Brief
With the pictures left out, copy the records below exactly from the first line down to the line holding "Pack 3 Cinta", and include that line.

Provided data

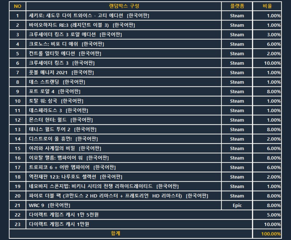 ※ 랜덤 박스 구매 시 랜덤 박스 구성 타이틀 중 1종이 랜덤으로 제공되며, 제품 키 확인 시 타이틀이 확인됩니다.※ 1계정 최대 구매 가능한 수량은 2개이며, 이벤트 상품의 특성상 교환 및 환불
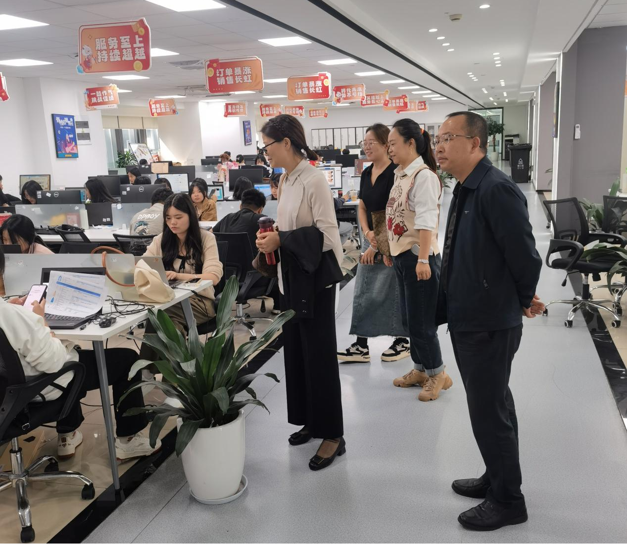 随后又来到杭州聚学网络科技有限公司开展调研,深入了解电商企业最新发展趋势,人才需求,学生职业发展路径等情况,校企双方还就相关课程建设及未来校内实训基地的搭建,包括场地、人员可行性进行深入交流探讨,并希望进一步深度合作,多渠道拓宽合作领域、创新合作机会,为学生提供更多优质实习与就业岗位,推动学生高质量充分就业,让更多优秀毕业生助力企业高质量发展,实现企业、学校、学生多方共赢。
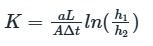 Δt is the time taken for water in a standpipe to fall from height h1 to h2.
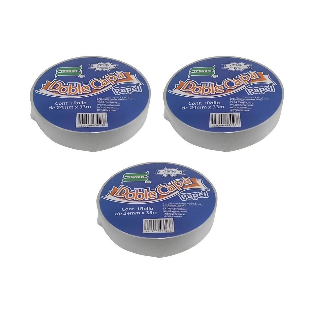 Pack 3 Cinta Adhesiva Doble Cara Papel Devek 24mm X 33m Color Blanco
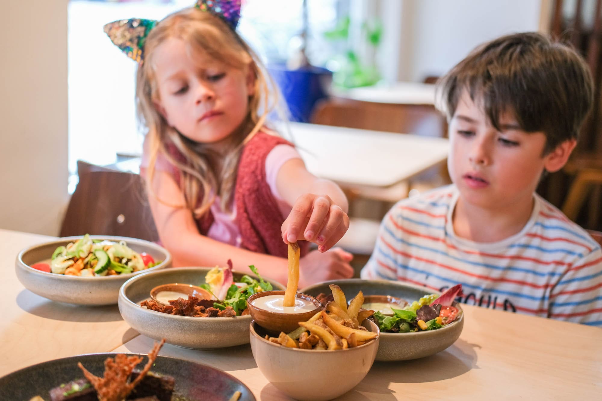 Op de lunchkaart vind je onder andere superpoffertjes met vers fruit en stroop. Een andere topper is het regenboog broodje met groentespread en tomaatjes. Ook ’s avonds kun je lekker vegan eten in Utrecht met de kids, want op het kindermenu vind je warme maaltijden als kipvingers gemaakt van gefrituurde oesterzwammen en de kapsalon met tempeh shoarma. De groenteballetjes waren bij mijn kids favoriet. Eli gaf dit gerecht een dikke 9,5.
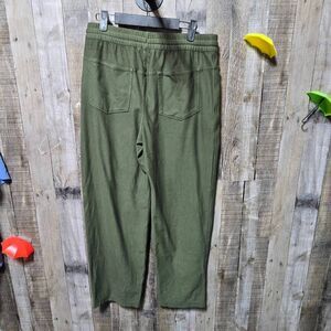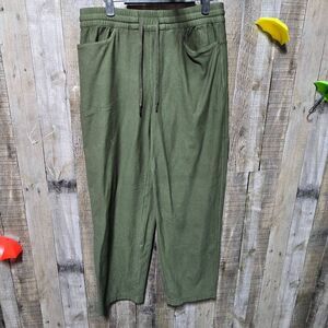 Details: high waisted, front and back pockets, stretchy adjustable waist, very comfortable, straight leg
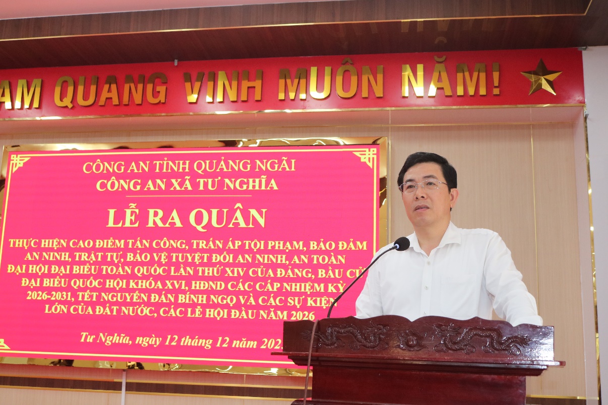 Tại Lễ ra quân, đồng chí Thượng tá Trần Định - Ủy viên Ban Thường vụ Đảng ủy, Trưởng Công an xã thông qua Mệnh lệnh của Giám đốc Công an tỉnh Quảng Ngãi về ra quân thực hiện đợt cao điểm tấn công, trấn áp tội phạm, bảo đảm an ninh, trật tự, bảo vệ tuyệt đối an ninh, an toàn Đại hội đại biểu toàn quốc lần thứ XIV của Đảng, bầu cử đại biểu Quốc hội khóa XVI, HĐND các cấp nhiệm kỳ 2026 - 2031, tết Nguyên đán Bính Ngọ và các sự kiện lớn của đất nước, các lễ hội đầu năm 2026.
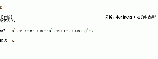用配方法解一元二次方程x2+4x﹣3=0时,原方程可变形为( )
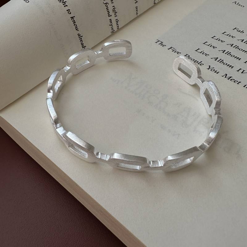 S925 Sterling Silver Retro INS Style Fashion Bracelet Korean Version Niche Design with Brushed Square Wholesale Cuff Bracelets
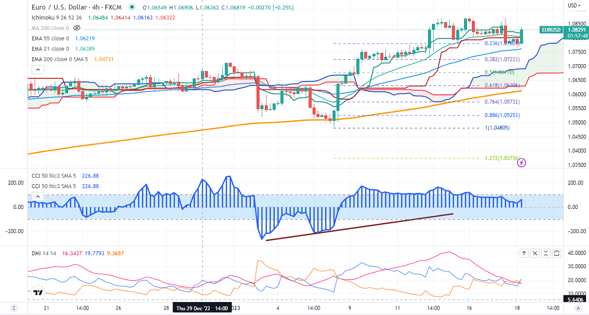 The pair is trading above short-term (21 and 55 EMA) and long-term (200-EMA) in the 4-hour chart. Any break above 1.08750 confirms minor bullishness, with a jump till 1.0925/1.09500/1.100 likely. The near-term support is around 1.07600. The breach below will drag the pair down to 1.0700/1.0660/1.0600.
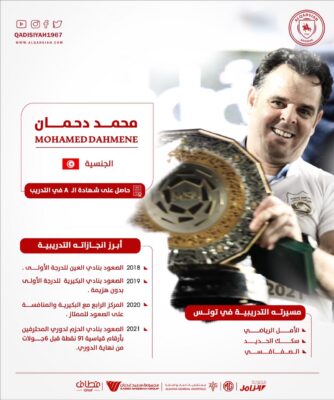 تعاقدت إدارة نادي القادسية، مع المدير الفني التونسي محمد دحمان ليتولى تدريب فريق الأول لكرة القدم بالنادي في الموسم المقبل.
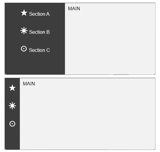 <div id="side">The sidebar, but take note, we have menu items this time.<i class="ico">Menu item icon. This is just an HTML symbol, feel free to use any “icon library” in your project.<i class="txt">Menu item text.
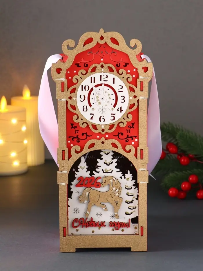 Шкатулка "Лошадка 2026" с сувениром, 12х10х27, красный
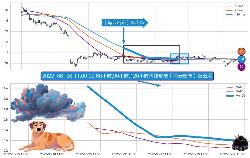 ⚀ 2022-05-24 09:00:00小时-2022-06-16 13:00:00小时显现 60小时-90小时-120小时均线 【乌云密布】卖出点 看空信号,后市看跌,卖出
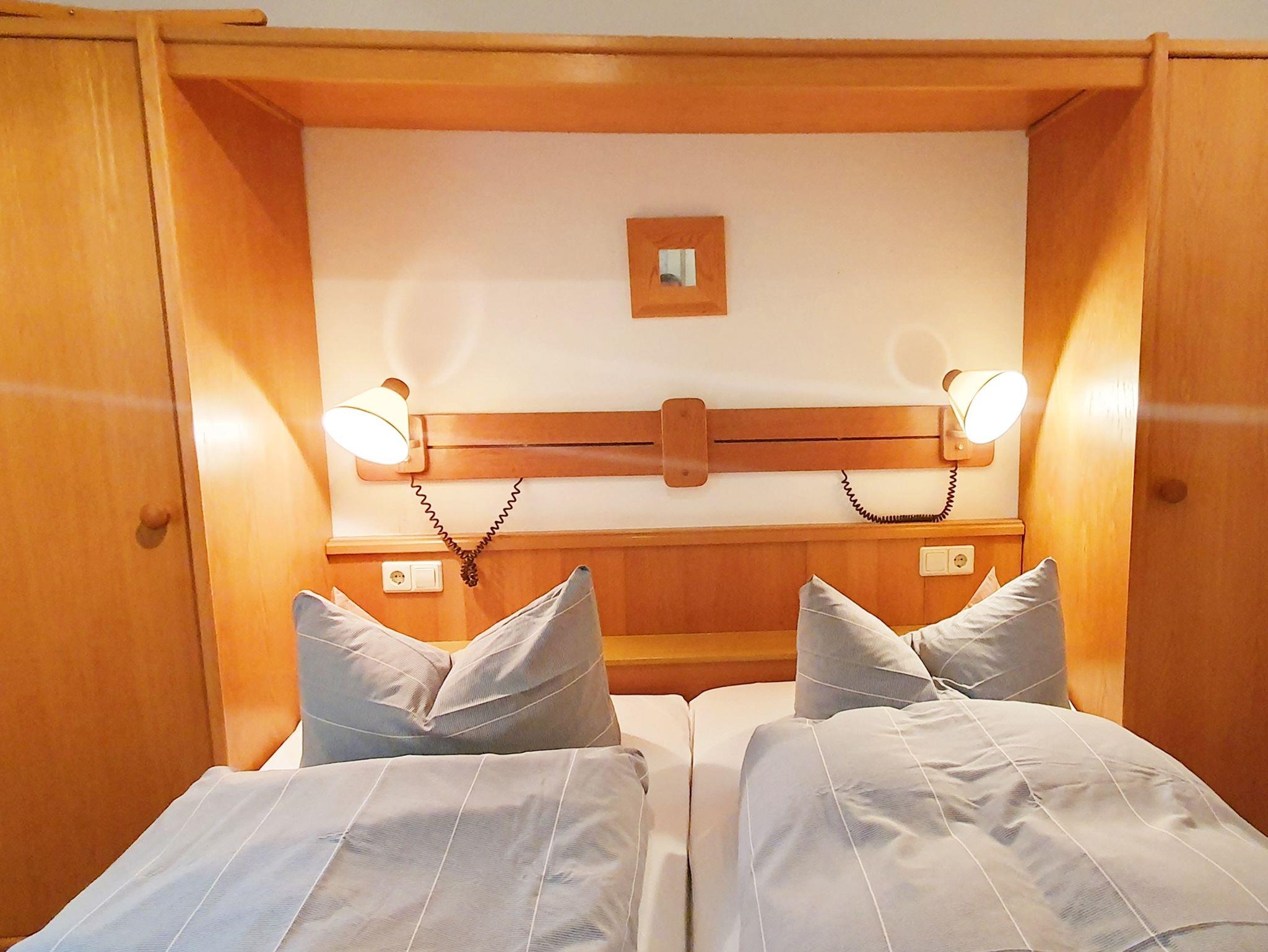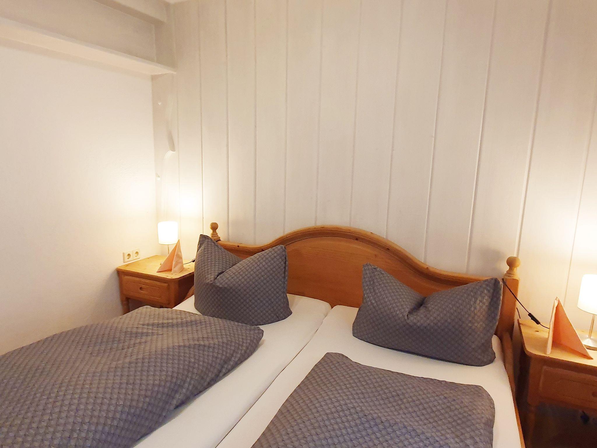 Unser komfortables Vierbettzimmer bietet Platz für bis zu vier Personen und ist ideal für Familien oder kleine Gruppen. Die Ausstattung umfasst ein gemütliches Doppelbett, ein Einzelbett sowie eine praktische Schlafcouch. Das Zimmer verfügt über ein eigenes Badezimmer mit Dusche und WC.
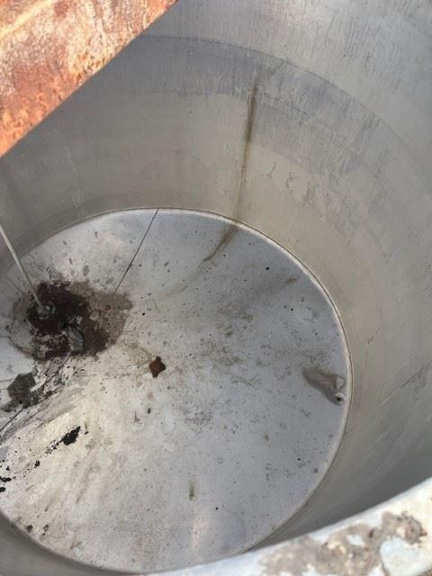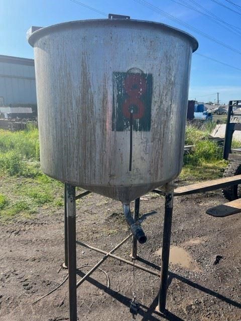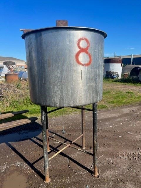 Stainless steel 900lt holding tank. Conical base to a 2 inch outlet. Open top. 1.2mt dia x 900mm straight side.

Response area
 ※ 랜덤 박스 구매 시 랜덤 박스 구성 타이틀 중 1종이 랜덤으로 제공되며, 제품 키 확인 시 타이틀이 확인됩니다.※ 1계정 최대 구매 가능한 수량은 2개이며, 이벤트 상품의 특성상 교환 및 환불
 随后又来到杭州聚学网络科技有限公司开展调研,深入了解电商企业最新发展趋势,人才需求,学生职业发展路径等情况,校企双方还就相关课程建设及未来校内实训基地的搭建,包括场地、人员可行性进行深入交流探讨,并希望进一步深度合作,多渠道拓宽合作领域、创新合作机会,为学生提供更多优质实习与就业岗位,推动学生高质量充分就业,让更多优秀毕业生助力企业高质量发展,实现企业、学校、学生多方共赢。
 Δt is the time taken for water in a standpipe to fall from height h1 to h2.
 Pack 3 Cinta Adhesiva Doble Cara Papel Devek 24mm X 33m Color Blanco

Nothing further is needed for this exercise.